So I’m sure you’ve seen all those web ads for Catholic dating services, Protestant dating services, Jewish dating services, conservative dating services, and whatnot.

What’s next?

How about an

ATHEIST DATING SERVICE?

Upon looking at this site’s FAQs, I noticed that one of them was "Who runs FreeThinker’s Match Maker?" and immediately thought: "A lonely atheist guy?"

YUP.

Author: Jimmy Akin

Jimmy was born in Texas, grew up nominally Protestant, but at age 20 experienced a profound conversion to Christ. Planning on becoming a Protestant seminary professor, he started an intensive study of the Bible. But the more he immersed himself in Scripture the more he found to support the Catholic faith, and in 1992 he entered the Catholic Church. His conversion story, "A Triumph and a Tragedy," is published in Surprised by Truth. Besides being an author, Jimmy is the Senior Apologist at Catholic Answers, a contributing editor to Catholic Answers Magazine, and a weekly guest on "Catholic Answers Live."

42 thoughts on “Marriages Not Made In Heaven”

  1. I mean what kind of a basis is that for compatibility — neither of us believes in anything and we don’t want to be challenged by anyone who does. Where would a couple who met through an athiest dating service go on a date do you suppose?

  2. OK, I know I’m going to get slammed for this but…
    What’s wrong with an athiest dating service? I have more respect for a person who is concerned enough about his/her beliefs that there is NOT a God and wants to marry someone who shares that belief than for someone who could give a hoot and feels free to drag a person of faith down by marrying them and undermining their faith for the rest of their life. Stated another way, athiests who feel the need to marry another athiest are making a powerful admission: what we believe about God (or a lack thereof) is very important.
    Sure, athieism isn’t of its own right a basis for compatibility, but neither is being Catholic. Using a dating service is merely a starting point to find someone compatible. Using one that limits its membership to a group that you’d prefer to marry from just helps to narrow that starting point.
    Finally, I’m pretty sure that the majority of Catholics who meet through a Catholic dating service are not going to a Catholic event for their first date. They’ll probably go to some secular event like dinner and a movie, just like a new athiest couple would. Athiests have hobbies and interests and desires just like Catholics do and are likely to start dating someone who shares those interests. They may even go on a first date that is centered on a common interest, just like a new Catholic couple would.
    Now, being a former athiest myself, it is very important to me to reach out to athiest and share with them the good news of Christ. I yearn for all athiests to know Christ. However, outside of their athiesm, the fact that athiests desire to marry one of their own does not bother me.

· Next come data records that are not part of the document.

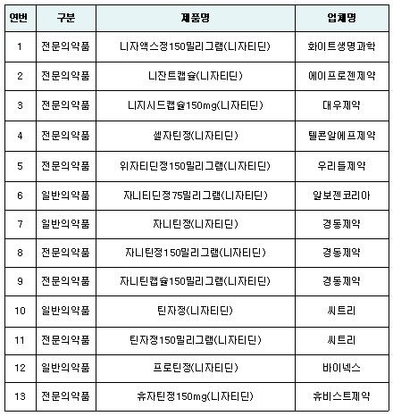 따라서 식약처는 잠정 관리기준을 초과한 니자티딘 완제의약품 13개 품목에 대해 잠정적으로 제조·판매 중지 및 회수 조치하고 처방을 제한하도록 조치했다.
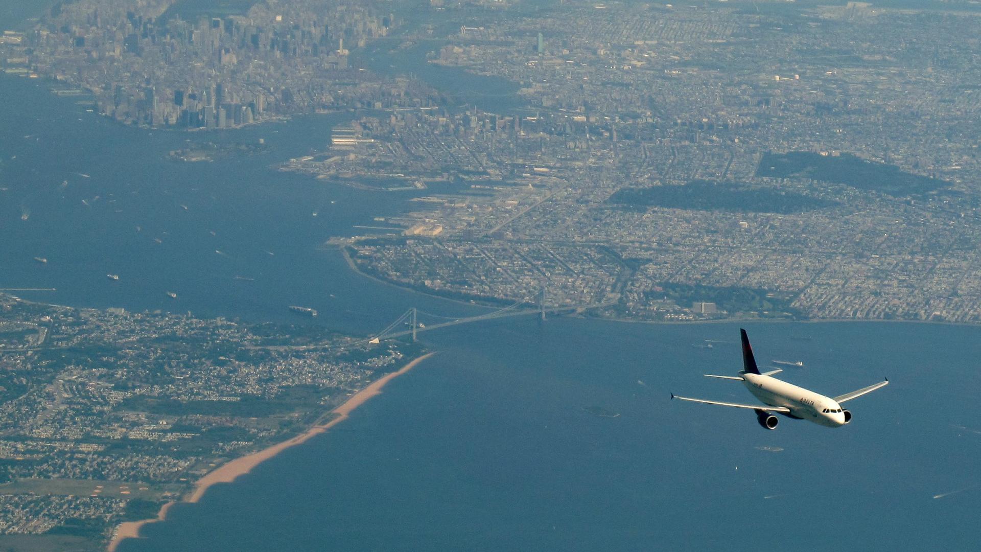Обои Мегаполис под крыльями пассажирского самолета
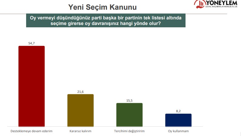 AK Parti ve MHP’nin hazırladığı seçim yasasıyla ittifaka katılan siyasi partilerin milletvekili hesaplama sistemini değişti. Bununla birlikte küçük partilerin ittifaktaki büyük partilerin listesinden seçime girmesi gündeme geldi. Katılımcılara bu durumda ne yapacakları soruldu.

  3. Where would a couple who met through an athiest dating service go on a date do you suppose?
    From what I’ve known of athiests, usually to a movie and dinner.
    Then sex after (if all went well.)

  4. Ken you are right. I also think a sincere atheist is closer to God then a “Christian” who deliberately hears but does not listen, and reads but refuses to understand. In the end the ultimate moral authority for anyone is their conscience. For some their conscience says follow whatever the RC Church says and they should do just that. If it is something else then they should follow that path.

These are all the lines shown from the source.